Why should this be so hard? Germany has done it, and has become one of the strongest democracies on earth. The current Turkish government did not commit the Armenian genocide. Why should it not face the truth about the crimes the Ottoman Empire committed over ninety years ago?
Denial harms the bystanders
Countries that recognize the truth about the Armenian Genocide are considered enemies by Turkish successor regimes. The parliaments of many countries have affirmed the fact of the Armenian Genocide in unequivocal terms, and proposed congressional resolutions like H. Res. 106 are commemorative and non-binding. Yet the resolution faced opposition from those who fear it would undermine US relations with Turkey. It is worth noting that, notwithstanding France’s Armenian Genocide legislation, France and Turkey are engaged in more bilateral trade than ever before.

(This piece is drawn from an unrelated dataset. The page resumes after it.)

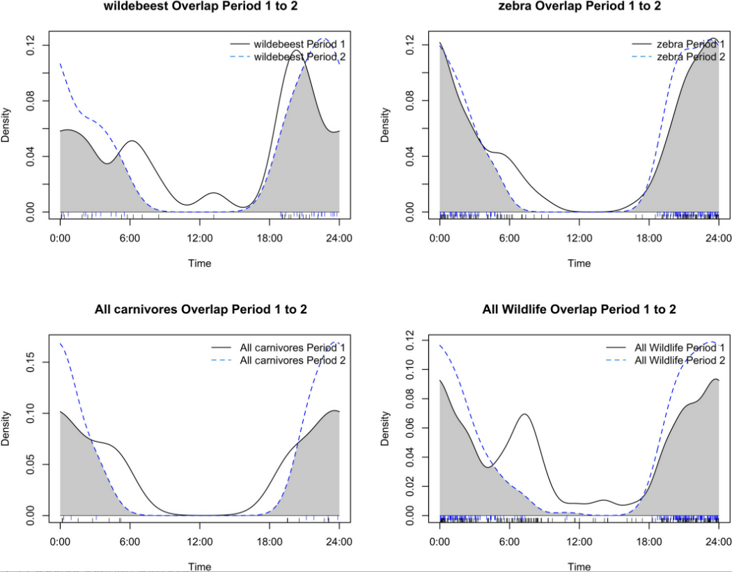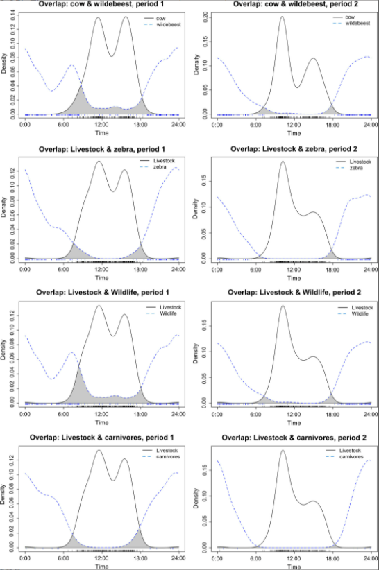 Abstract: African rangelands support substantial wildlife populations alongside pastoralists and livestock. Recent wildlife declines are often attributed to competition with livestock over water and grazing, in part because livestock are thought to spatially displace wildlife. However, more evidence is needed to understand this interaction and inform rangeland management. Here, we analysed the temporal overlap between wildlife and livestock at water points in a community-governed area of Kenya's South Rift Valley, which is a dry season refuge where Maasai pastoralists, livestock and wildlife co-occur. We used camera traps to capture images at water points in two time periods: first, when nearby settlements were unoccupied, and second, as people and their herds moved into the area. We measured wildlife activity (independent detections per hour) and the difference in temporal overlap between livestock and wildlife. We found no evidence that daily wildlife activity declined despite increased human and livestock settlement. However, temporal partitioning between livestock and wildlife at watering points increased with wildlife using water resources more at night. Maasai corral livestock overnight to protect them from predation, allowing wildlife to persist in a livestock-dominated landscape. Our study demonstrates humans and wildlife co-adapting to mitigate competition for shared water resources, thereby facilitating spatial coexistence.

We would not expect the US government to be intimidated by an unreliable ally with a deeply disturbing human rights record, graphically documented in the State Department’s 2007 International Religious Freedom Report on Turkey. We would expect the United States to express its moral and intellectual views, not to compromise its own principles.
In fact, telling the truth would ultimately be good for US-Turkish relations, because they would no longer be based on diplomatic lies.
The Joint Congressional Resolution recognizing and commemorating the Armenian Genocide will honor America’s extraordinary Foreign Service Officers (among them Leslie A. Davis, Jesse B. Jackson, and Oscar Heizer) who often risked their lives rescuing Armenian citizens in 1915.
They and others left behind some forty thousand pages of reports, now in the National Archives, that document that what happened to the Armenianpeople was government-planned, systematic extermination.—what Raphael Lemkin (the man who coined the word genocide) used in creating the definition.
By passing the resolution, the U.S. Congress would also pay tribute to America’s first international human rights movement. The Foreign Service Officers and prominent individuals such as Theodore Roosevelt, Ambassador Henry Morgenthau, and Cleveland Dodge, who did so much to help the Armenians, exemplify America’s legacy of moral leadership.
Of course, the State Department did not want Ambassador Morgenthau to tell the truth, and after he returned to the United States he never got another diplomatic assignment. But he inspired his son, Henry Morgenthau, Junior, who became FDR.’s Secretary of the Treasury and was a tireless advocate for rescuing Jews during the Holocaust.
Let us today commemorate those who died in the Armenian Genocide, but also Ambassador Henry Morgenthau and others who had the courage to tell the truth about it.
Let us remember Ambassador Morgenthau’s words when he met with Talaat Pasha, who asked him:
“Why are you so interested in the Armenians anyway? You are a Jew, these people are Christians..”
Morgenthau replied:
“You don’t seem to realize that I am not here as a Jew but as the American Ambassador.….I do not appeal to you in the name of any race or religion, but merely as a human being..”1
1 Morgenthau, Ambassador Morgenthau’s Story, Taderon Press, 2000, p. 222.